Experts agree that the primary reason for that failure is our fat-laced society. With so much access to so much fatty food, people find it almost impossible to manage obesity without professional help, according to Dr. Arya Sharma, the chair of Obesity Research and Management at the University of Alberta. But most people do not have access to long-term help and try instead—over and over again—to lose in months what took years to gain. This becomes yo-yo dieting, or weight cycling, which has been shown to adversely affect health and even increase the mortality rates of obese people who lost weight compared with their weight-stable peers. "A lot of our weight-loss recommendations are unethical because we shouldn't be saying lose weight when there is no chance people will keep it off," says Sharma.
Still, institutions like the CDC see weight loss as an attainable goal. The CDC's LEAN Works site touts "promising practices . . . strategies delivered to employees through their employer which demonstrate a reduction in a weight-related outcome (i.e., weight, BMI, body fat, waist circumference, waist-to-hip ratio) or prevalence of individuals who are overweight or obese." An example of a "promising practice" is "weight-loss competitions." A data-rich study from Cornell University, which looked at the CDC's proposed remedy for obesity—"workplace obesity-prevention programs"—showed that these programs are rarely successful, and most often simply do not work. As the study's author, economist John Cawley, says, "This intervention is less effective than getting people off heroin."
The problem with dieting is that it is focuses on the elusive goal of weight loss. A promising new approach—dubbed Healthy at Every Size (HAES)—shifts the emphasis from body weight to overall health. Beginning in 2005, Linda Bacon, a Ph.D. in physiology from UC Davis, spent two years conducting research on two groups of obese women. One group followed a standard diet in which participants limited their food intake and were taught how to count fat grams and calories. The other group received training in the tenets of HAES. The HAES group learned how to disentangle their sense of self-worth from their weight, and to eat according to internal body cues. They were instructed on what certain foods did for their well-being, not their weight, and were encouraged to find physical activities that they felt comfortable doing.
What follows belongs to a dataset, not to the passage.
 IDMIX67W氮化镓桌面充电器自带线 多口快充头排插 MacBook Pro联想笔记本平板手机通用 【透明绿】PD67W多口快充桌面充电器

Nearly half of the traditional dieters dropped out early, while 92 percent of the HAES group completed the program. The HAES group maintained their body weight through 24 months. The diet group's average weight went down initially, but returned to prestudy levels. Most important, while systolic blood pressure and LDL cholesterol went down for both groups during the study period, the HAES group maintained those lower numbers in tests after the program had ended, suggesting that they were further along in the goal of better health than the women who had lost weight, only to gain it back.
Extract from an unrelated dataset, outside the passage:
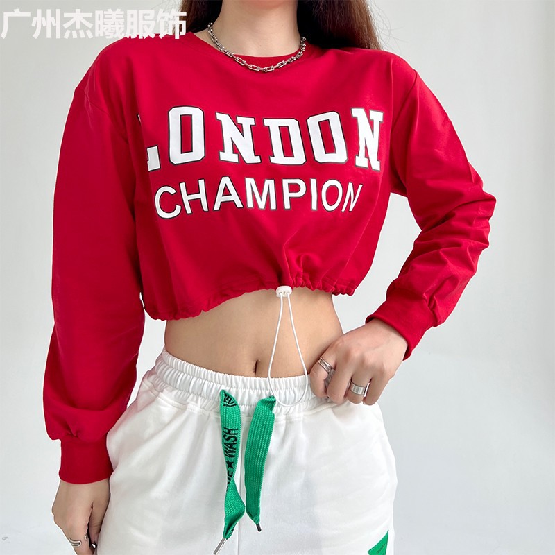 Real shot jazz dansa olahraga wanita, sweater pinggang musim gugur lengan panjang longgar chic mode jalan retro pinggang tinggi berjalan

"Dropping the pursuit of weight loss isn't about giving up," Bacon writes in her book, Health at Every Size: The Surprising Truth About Your Weight. "It's about moving on. When you make choices because they help you feel better, not because of their presumed effect on your weight, you maintain them over the long run."
Americans are fatter than ever, and that isn't healthy. But hyping an obesity epidemic and stigmatizing people with big bellies hasn't made us any thinner and doesn't appear to have gotten us any healthier. The sooner we learn to look past the fat and to focus on health, the sooner we will be able to effectively combat all the obesity-linked ailments we fear so much.